Lo aveva tenuto in braccio – l'aveva preso in collo persino prima di quanto avesse fatto suo padre, ed era stato strano sentire fra le braccia il peso quasi esagerato, rispetto ad un corpicino così piccolo, e studiarlo mentre scivolava nel sonno (aveva provato, quasi impaurito, a porgergli un dito – lui l'aveva stretto come si stringe un salvagente in mezzo all'acqua, aveva sbadigliato e si era addormentato così; e come puoi spiegarla la tenerezza, l'incredulità, l'amore?).

 

Ricorda che aveva sorriso e aveva pensato che la loro vita sarebbe stata perfetta – e ora quello stesso bambino è morto a causa sua. Bella famiglia gli è rimasta, bel fratello, uno che non è neppure riuscito a preservare una vita che avrebbe dovuto essere eterna – ed è la prima volta in quasi due secoli che rimpiange di non essere morto davvero, quella notte che odorava di fumo e di fuoco e di polvere da sparo.
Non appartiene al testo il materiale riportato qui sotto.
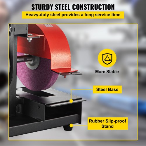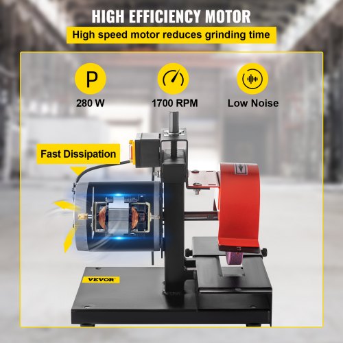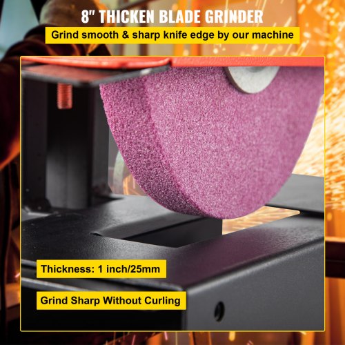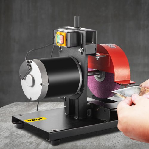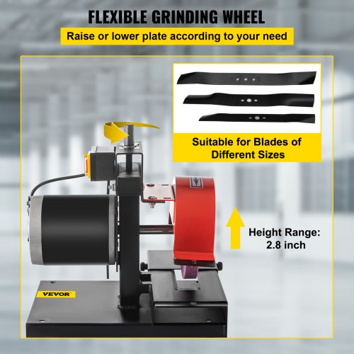 Afiladora de cuchillas para cortacésped VEVOR, motor de 1/3 HP, 1700 RPM, rueda de 8" de diámetro y 1" de grosor, altura ajustable de 2,8" para afilar cuchillas y herramientas en jardín o taller.

Si lascia cadere a terra e non ha più la forza nemmeno di respirare – getta il capo all'indietro e le lacrime continuano a scendere e a che serve darsi la pena di asciugarle, se non può fermarle (e solo Dio sa quanto vorrebbe poterlo fare – perché odia sapere di poter ridursi così, nonostante tutto ancora detesta la possibilità che ci siano persone in grado di farlo soffrire così)?
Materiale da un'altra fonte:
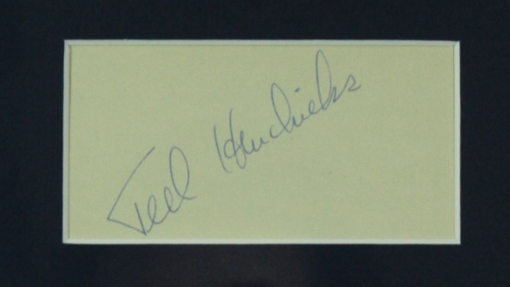 Index card has been hand-signed in blue ball-point pen and custom framed with an 8x10 photo. The display is matted and framed to 11x14. Autograph includes a Pristine Auction LOA and lifetime guarantee for authenticity purposes.

A che serve rimanere ancora, ostinarsi ancora a cercare di salvare il mondo?
A cosa serve?

 

Quando Elena torna lo trova seduto nel mezzo di un salone devastato – non c'è più nulla d'intero (ed è quasi ironico come pare non esserci anche in ogni angolo di lui), nulla di salvabile.

Elena torna e si vede che ha pianto – Elena torna e lo sa che nemmeno il tempo è abbastanza per guarire certe ferite (ferite che non diventano mai neppure cicatrici – sanguinano sempre, ad ogni pretesto, ogni ora minuto secondo).
Elena torna e la prima cosa che gli dice non è mi dispiace, non è – non è andrà tutto bene (perché lo sa che non andrà tutto bene – mai più)

Elena torna e la prima cosa che gli dice è l'unica realtà che è in grado di accettare.
«Troveremo un modo – tornerà, Damon.»